Halifax’s climate is much more temperate than most would guess. The city sits at 44.69 degrees latitude, which places it south of Grenoble, France; Bangor, Maine; Champlain, New York; Minneapolis, Minnesota; and the entire states of North Dakota and Washington. Halifax’s winters are typically not as cold as those at the same latitude, thanks to the Atlantic’s warming effect.
Less than a month after founding the town, Cornwallis granted a license for the town’s first bar, predating its first churches by a year, and that first bar, the Split Crow, is still thriving today. Halifax’s identity quickly fell into place: a military base that likes its beer, with more pubs per capita than any city in Canada. Of course, the English weren’t paying their men in Halifax to drink but to defeat the French up the coast.
After a twenty-two-year-old lieutenant colonel named George Washington ambushed a thirty-five-man French patrol near present-day Pittsburgh in 1754, the French and Indian War was under way, a conflict that would shape the future of the continent. Halifax cemented its central role in the New World on a moonless night in July 1758, when four hundred ships sheltered in Halifax Harbour sailed up the coast and mounted a surprise attack on the French in Louisbourg. The English quickly boarded France’s meager fleet of five ships, burning one and capturing another, then brought it ba
ck to Halifax with her crew intact. The British owned the gateway to the continent, and Halifax became its most patriotic city.
While young Halifax was becoming one of Great Britain’s most important ports, Boston was already a full-fledged international capital.

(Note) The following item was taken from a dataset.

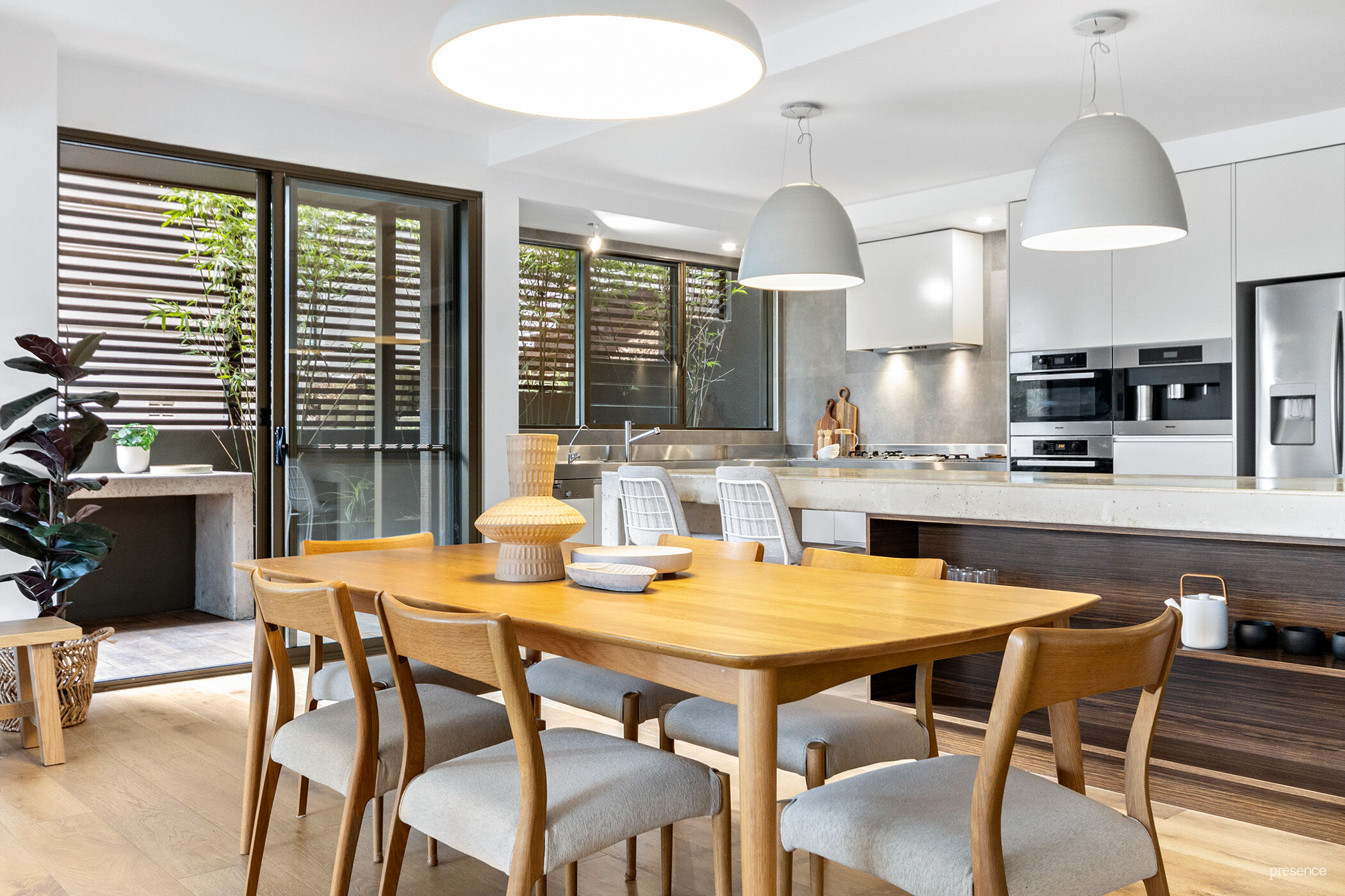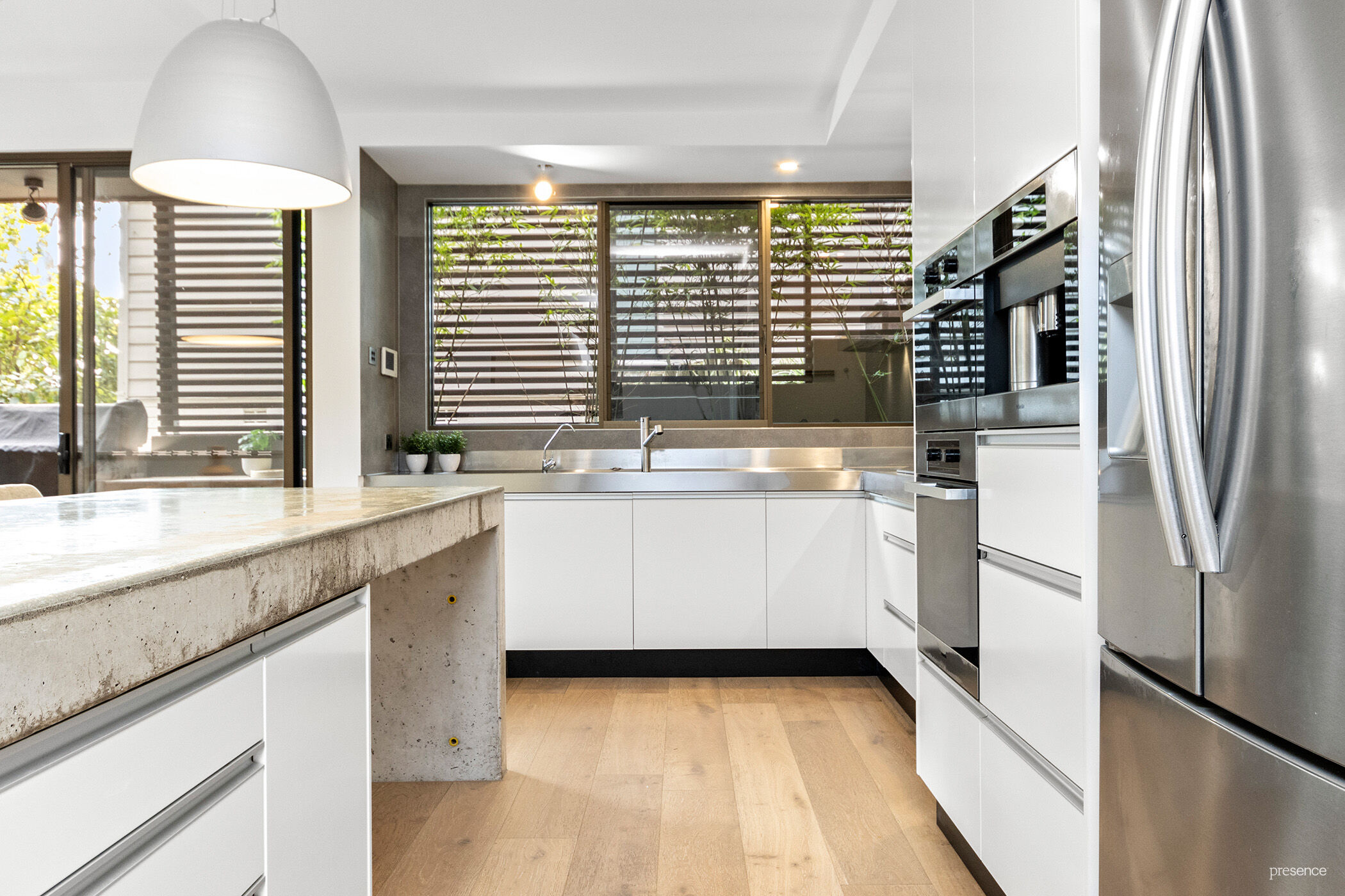 Ascend the stairs to uncover the heart of this residence: an expansive open-plan living area. Infused with warmth and elegance, this space features European oak floors and a gas fireplace. The focal point of this inviting space is the bespoke kitchen, boasting a striking 4m concrete island. More than just a kitchen, it’s a statement piece, perfect for family gatherings and culinary adventures. Equipped with a full set of Miele appliances, cooking and entertaining become effortless and enjoyable.

Settled by Puritans in 1630, it quickly became New England’s economic, political, and intellectual hub, starting with the nation’s first university, Harvard, which opened in Boston’s sixth year. All that power came to bear on December 16, 1773, when Boston’s “Sons of Liberty” protested “taxation without representation” by dressing like Mohawks, dumping dozens of boxes of tea—which were lined with lead to keep it dry, and weighed 300 pounds each—and destroying $1.5 million of East India Company property. The Tea Party erased any doubt that Boston was the center of colonial resistance.
After the American Revolution sparked the continent’s first civil war, the newly minted Americans were not above abusing their neighbors who remained loyal to the Crown, often branding, tarring and feathering or simply killing United Empire Loyalists. Not surprisingly, some 60,000 United Empire Loyalists became refugees, with half of them heading north to what is now New Brunswick and Nova Scotia, often leaving their property behind for the Americans to take without compensation. In North America’s first civil war, the southern rebels won. The Nova Scotians’ misgivings about the American government started the day the United States was born.